There are also some limitations to the RWD database that are worth mentioning. First, some medical institutions with EMRs do not have claims or DPC data, especially during the early phase of data collection. This is because medical institutions have no obligation to store administrative data for long-term. This limitation raises concerns about monitoring long-term patient follow-up. Second, no information was available for patients who received treatment outside the participating medical institutions because this was an institution-based study. Third, physiological function and imaging tests are not recorded in current stage of the project. Fourth, the severity of most disease conditions could not be identified using laboratory test results alone. Fifth, the participating medical institutions were mainly DPC hospitals, which limited the representativeness of the data for all medical institutions.
The established RWD database provides an opportunity and strategy to produce real-world clinical evidence for Japan.
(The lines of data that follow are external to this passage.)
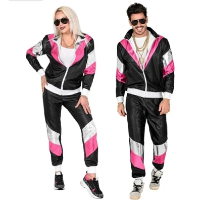 For carnival and parties: this 80s retro tracksuit costume is the optimal fancy dress for fancy dress, theme parties or festivals and provides a casual, eye-catching look Complete set with luminous effect: the jogging suit, consisting of jacket with zip and trousers with elastic, not only impresses with its retro design, but also lights up under UV light for an impressive appearance STYLISH DESIGN The elegant black combined with metallized stripes gives this costume an authentic 80s charm with modern shiny accent Size M: the costume is suitable for men and women alike, and has been designed so that you can wear it comfortably over normal clothing Optimal for groups: choose from different colors, patterns and sizes to shine with your family or friends in 80s style, Manufacturer: Widmann S.r.l.
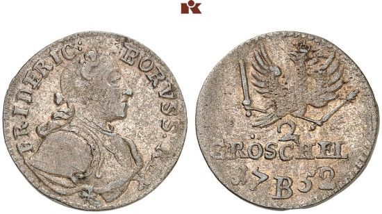 "BRANDENBURG-PREUSSEN, PREUSSEN, KÖNIGREICH, Friedrich II. der Große, 1740-1786. 2 Gröschel 1752, B, Breslau. Prägung für die Provinz Schlesien. Mit FRIDERIC - BORVSS REX in der Vorderseitenumschrift. R Sehr schön. Exemplar der Auktion Westfälische Auktionsgesellschaft 3, Dortmund 1994, Nr. 715. (Germany, kingdom of Prussia, Frederick II the Great, 1740-86, two groschel of 1752, Breslau mint, struck for the province of Silesia. Rare, very fine.)"
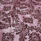 Damask Flocking Taffeta Wholesale Fabric in Brown on Pink
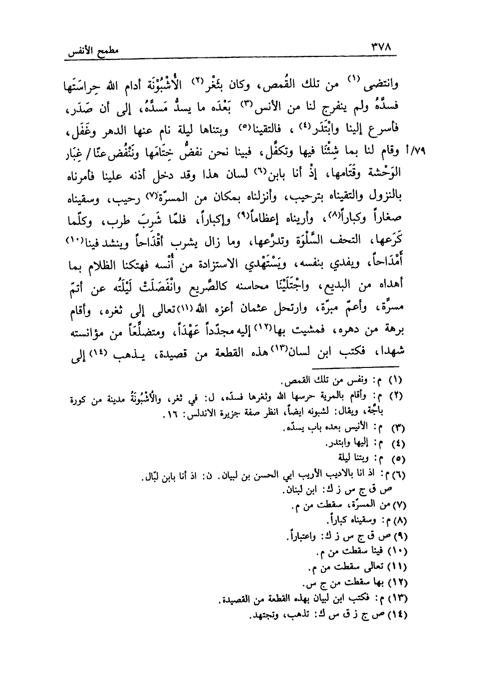 وانتضى من تلك القُمص، وكان بثَغر الأُشبُونة أدام الله حِراسَتها فسدَّهُ ولم ينفرج لنا من الأنس بَعدَه ما يسدُّ مَسدَّهُ، إلى أن صَدَر، فأسرع إلينا وابتدَر، فالتقينا وبتناها ليلة نام عنها الدهر وغَفَل، وقام لنا بما شِئنَا فيها وتكفَّل، فبينا نحن نفضُّ خِتامَها ونَنفُض عنّا غِبَار الوَحشة وقَتَامها، إذ أنا بابن لسان هذا وقد دخل أذنه علينا فأمرناه بالنزول والتقيناه بترحيب، وأنزلناه بمكان من المسرّة رحيب، وسقيناه صغاراً وكباراً، وأريناه إعظاماً وإكباراً، فلمّا شَرب طرب، وكلّما كَرَعها،
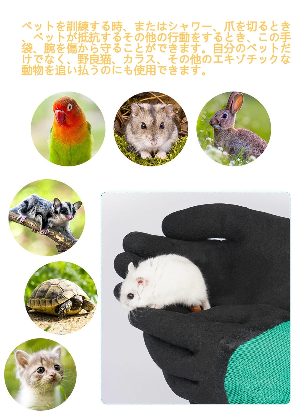 ペットを訓練する時、またはシャワー、爪を切るとき、ペットが抵抗するその他の行動をするとき、この手袋、腕を傷から守ることができます。
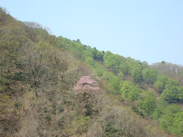 桜の奥の黄緑は「ブナ」の原生林です。
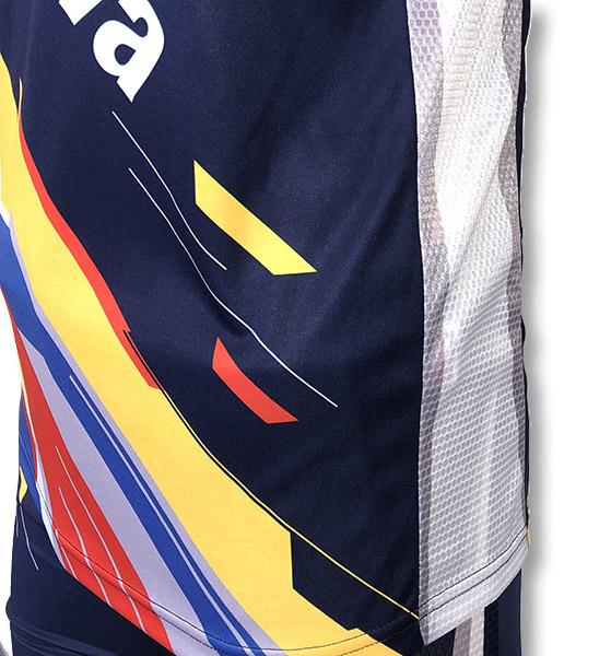 Race ... závodní verze z vysoce prodyšných a elastických materiálů. Výrazně odlišný dámský a pánský střih s precizním propracováním. 100% polyester. Ideální pro sprintové disciplíny a trénink v teplém počasí. Celopotisk je proveden sublimační technologií, která zaručuje světlostálost barev po celou životnost dresu. Možno použit fluo barvy. Dodáváme kompletní sortiment XXL-XS včetně standardních dětských velikostí. Grafika pro dres je dodána zákazníkem nebo vytvořena podle požadavku v našem grafickém oddělení.
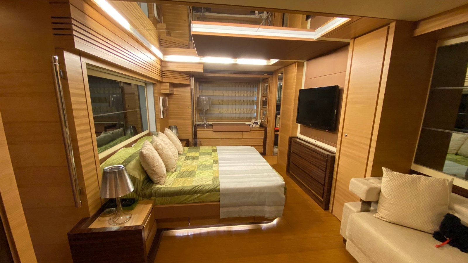 The Master cabin is located amidships towards the bow, full beam, and features a large double bed and two desks, one on each side; in the same area we find two mirrored cabins with twin beds and the VIP cabin, all with private head.
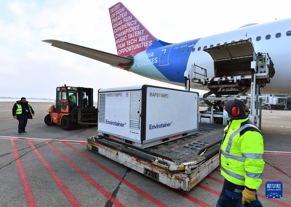 2021年1月16日,在塞爾維亞首都貝爾格萊德,機(jī)場(chǎng)工作人員卸載由中國(guó)國(guó)藥集團(tuán)生產(chǎn)的新冠疫苗。新華社發(fā)(普雷德拉格·米洛薩夫列維奇攝)
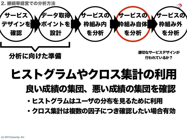 43. 43. 2. 継続率経営での分析方法 サービス データ取得 サービスの サービスの サービスのデザインを ポイントを 枠組み内 枠組み自体 枠組み外 確認 設計 を分析 を分析 を分析 適切なサービスデザインが 分析に向けた準備 行われているか? ヒストグラムやクロス集計の利用 良い成績の集団、悪い成績の集団を確認 ・ヒストグラムはユーザの分布を見るために利用 ・クロス集計は複数の因子につき確認したい場合有効(c) 2012 pLucky, Inc
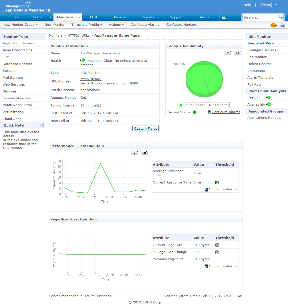 即监视web应用的网页的性能和可用性。Applications manager能够检查网站的页面能否被访问,如果不能访问,将发送通知并触发纠正措施。网站性能监视能检查诸如应答时间等多种属性。例如您可以添加一个URL,如http://mycompany/estore.jsp, 以对其进行监视。您还可以为某个网页设置阈值,例如:如果该页面的 加载时间大于5秒,就通过e-mail或SMS发出通知。这有助于在最终用户受到影响之前快速采取措施。
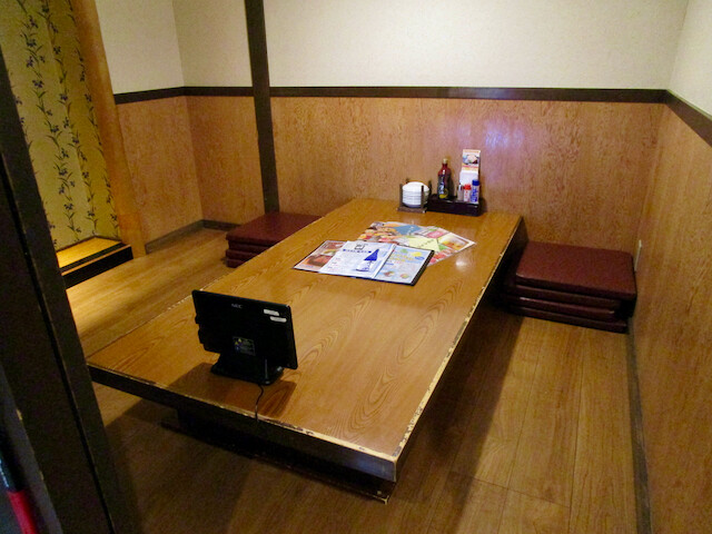 掘り炬燵式の個室。
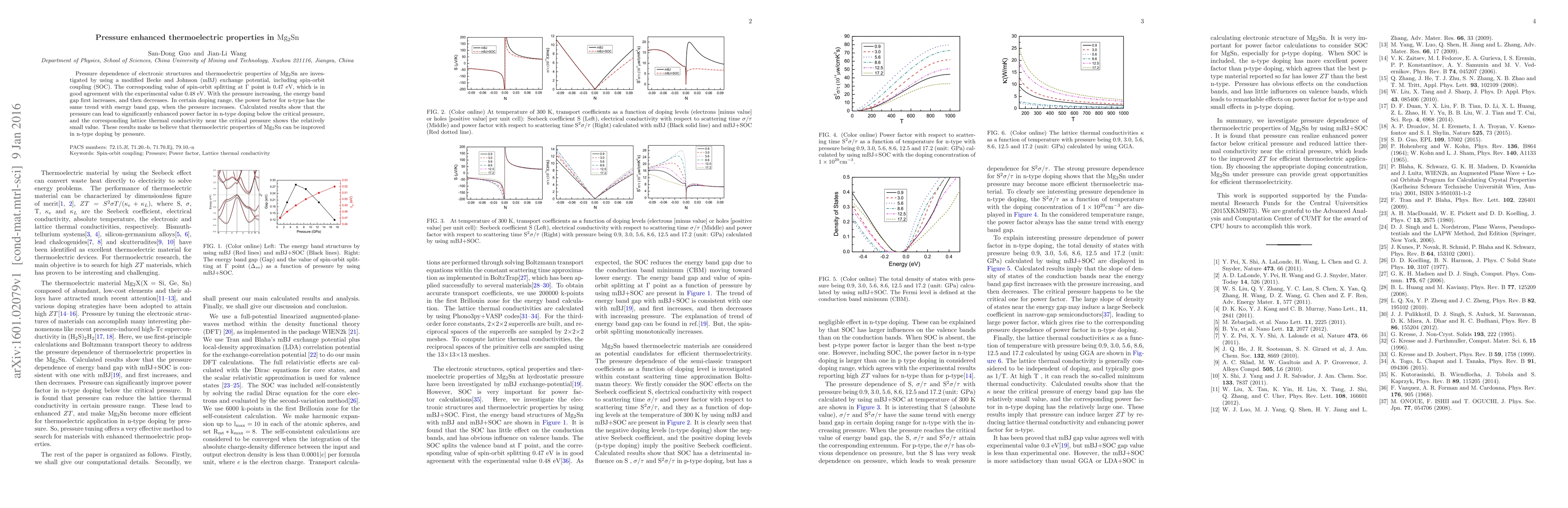 Pressure dependence of electronic structures and thermoelectric properties of $\mathrm{Mg_2Sn}$ are investigated by using a modified Becke and Johnson (mBJ) exchange potential, including spin-orbit coupling (SOC). The corresponding value of spin-orbit splitting at $\Gamma$ point is 0.47 eV, which is in good agreement with the experimental value 0.48 eV. With the pressure increasing, the energy band gap first increases, and then decreases. In certain doping range, the power factor for n-type has the same trend with energy band gap, when the pressure increases. Calculated results show that the pressure can lead to significantly enhanced power factor in n-type doping below the critical pressure, and the corresponding lattice thermal conductivity near the critical pressure shows the relatively small value. These results make us believe that thermoelectric properties of $\mathrm{Mg_2Sn}$ can be improved in n-type doping by pressure.
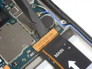 Используйте плоский конец лопатки, чтобы поддеть и отключить шлейф соединительного кабеля от его разъёма.
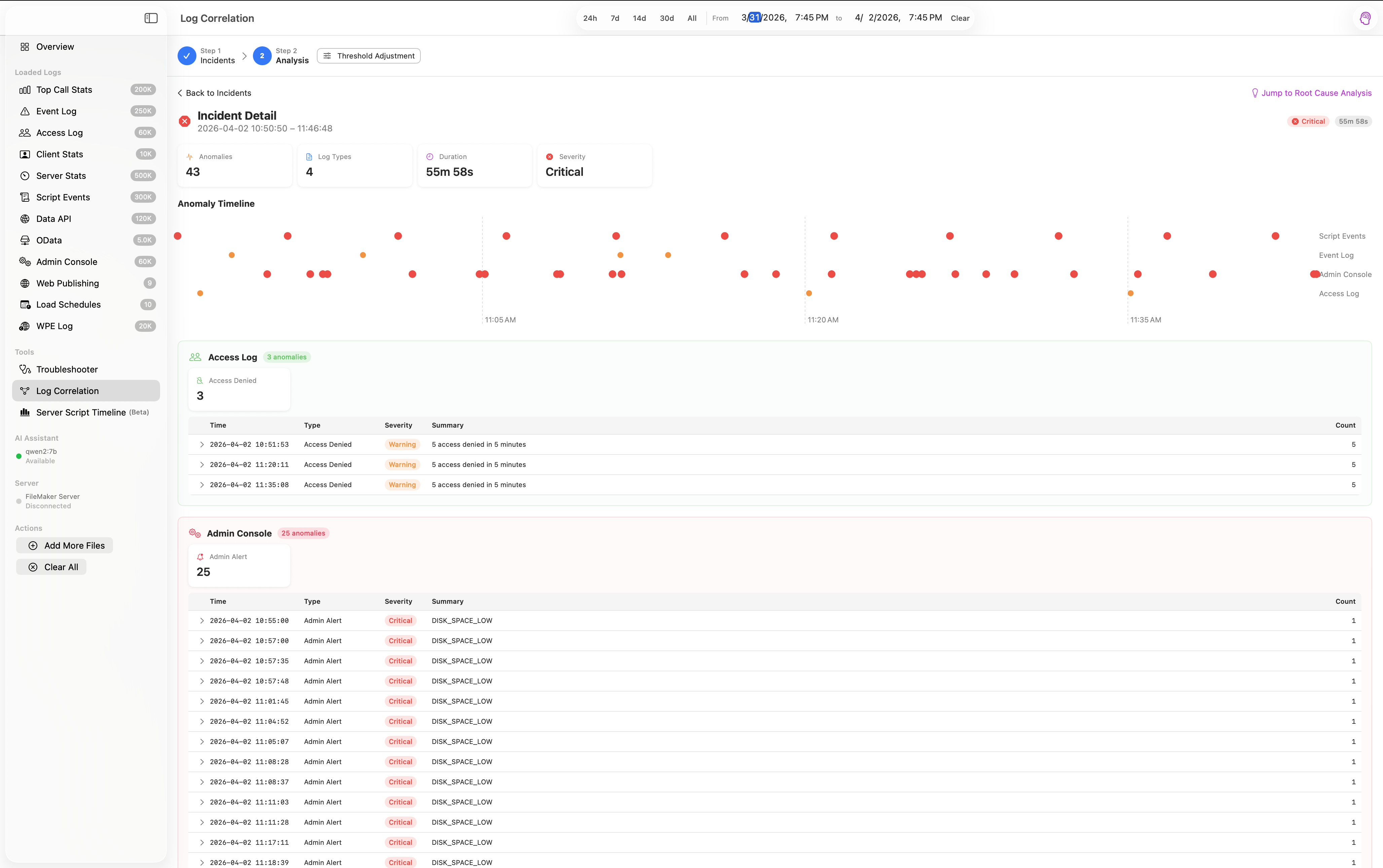Cross-log anomaly detection groups time-correlated issues into incidents with root cause analysis against known FMS failure modes.
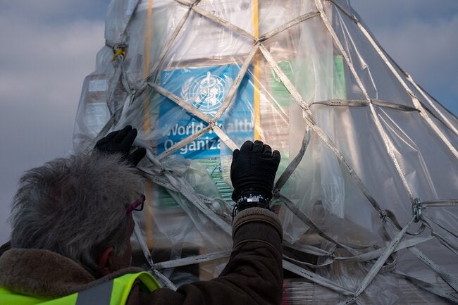 WHO is in constant dialogue with Ukrainian authorities. All supplies are distributed in close coordination with the Ministry of Health, based on WHO critical needs assessments, public health risk, service assessments and logistic capacity. The coming days and weeks will see a constant flow of medical supplies, as part of an effort to ensure people’s access to essential drugs and medical care.
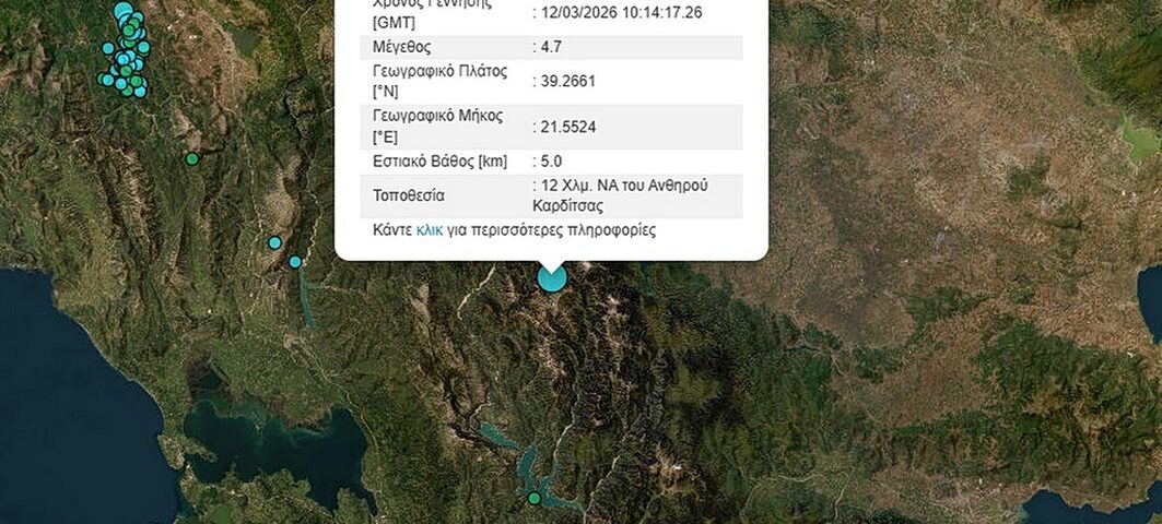 Σεισμός μεγέθους 4,8 βαθμών της κλίμακας Ρίχτερ, καταγράφηκε την Πέμπτη 12-3-2026, στις 12:14 μμ, ο οποίος έγινε ιδιαίτερα αισθητός στον Δήμο Αργιθέας, σε όλο το Νομό Καρδίτσας, γενικότερα στη Δυτική Θεσσαλία και στην Ευρυτανία.
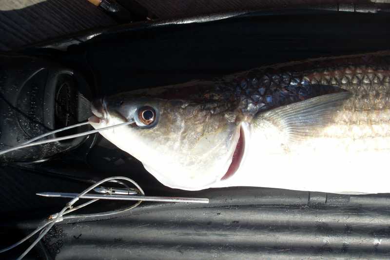 Indtil jeg kommer på en god ide så fortsætter jeg med monteringen på spidsen af harpunen, som er simpel og nem. Nu kunne jeg jo også lære at tage det lidt roligt når man rammer en fisk, meen denne Multe fætter var på speed eller et eller andet for den var sku vild.
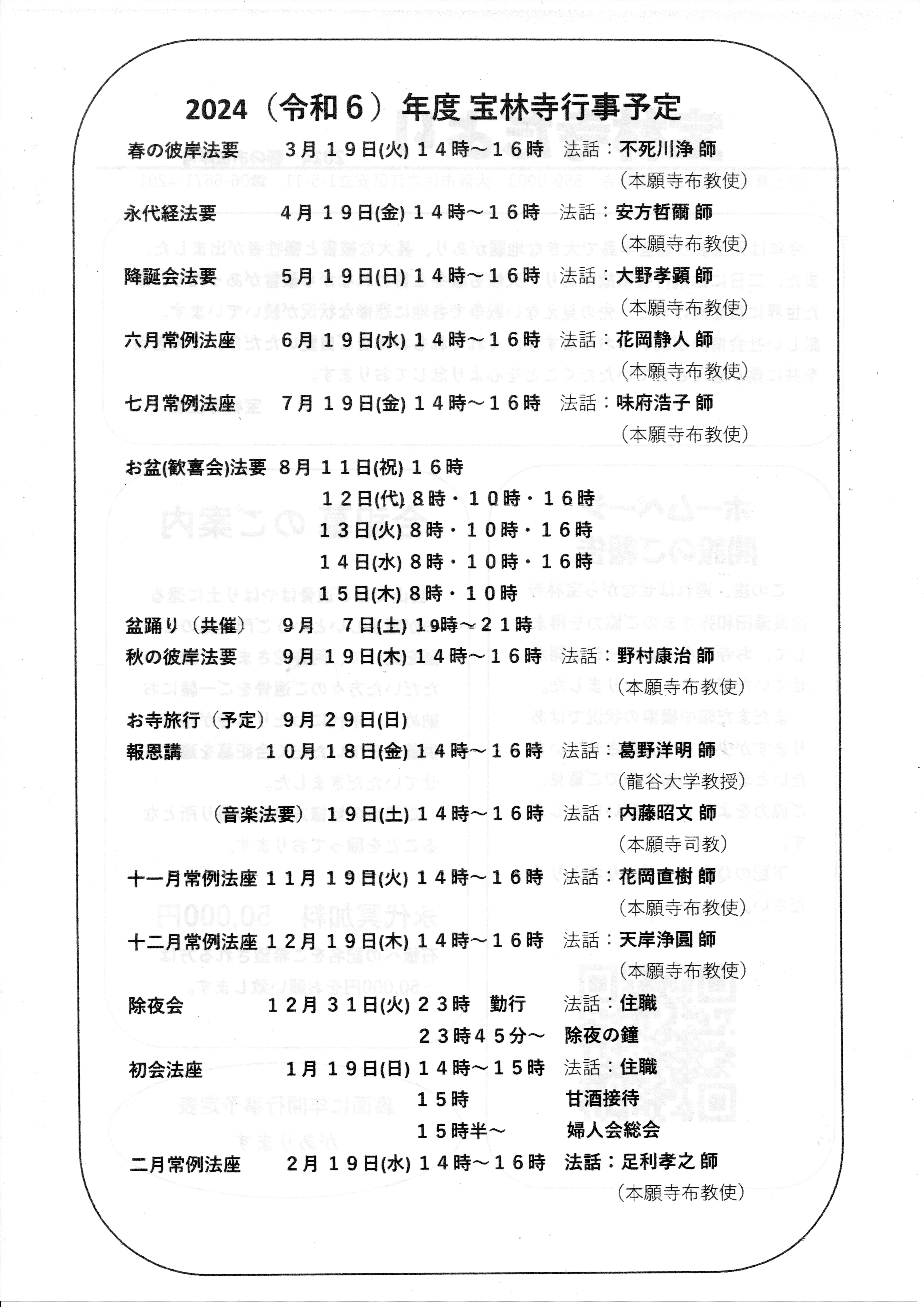 永代経法要 4月19日(日)
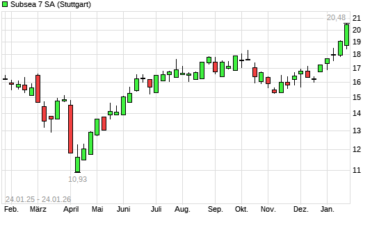 Mit dem Anstieg auf 20,40 EUR hat die Subsea 7-Aktie (ISIN LU0075646355) am 23.01.2026 ein neues 10-Jahres-Hoch erreicht und damit den Kurs vom 22.01.2026 eingestellt.
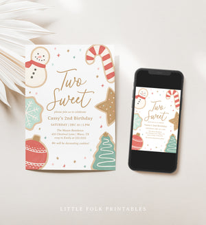 Editable Two Sweet Christmas Cookie Birthday Invitation Template

YO is a current employee, TF was an employee, HT is the former president, and TK is the current president of Real World Data Co., Ltd. This study was funded by the Real World Data Co., Ltd.
We thank Editage (www.editage.jp) for the English language editing.
YO, TF, HT conceptualised the study. YO performed statistical analyses. YO and TF wrote the first draft of the paper. HT, TT, SH contributed to interpreting the data and to the writing and revising of the manuscript.
Data cannot be publicly shared due to privacy and ethical reasons, as stipulated in contracts with participating medical institutions.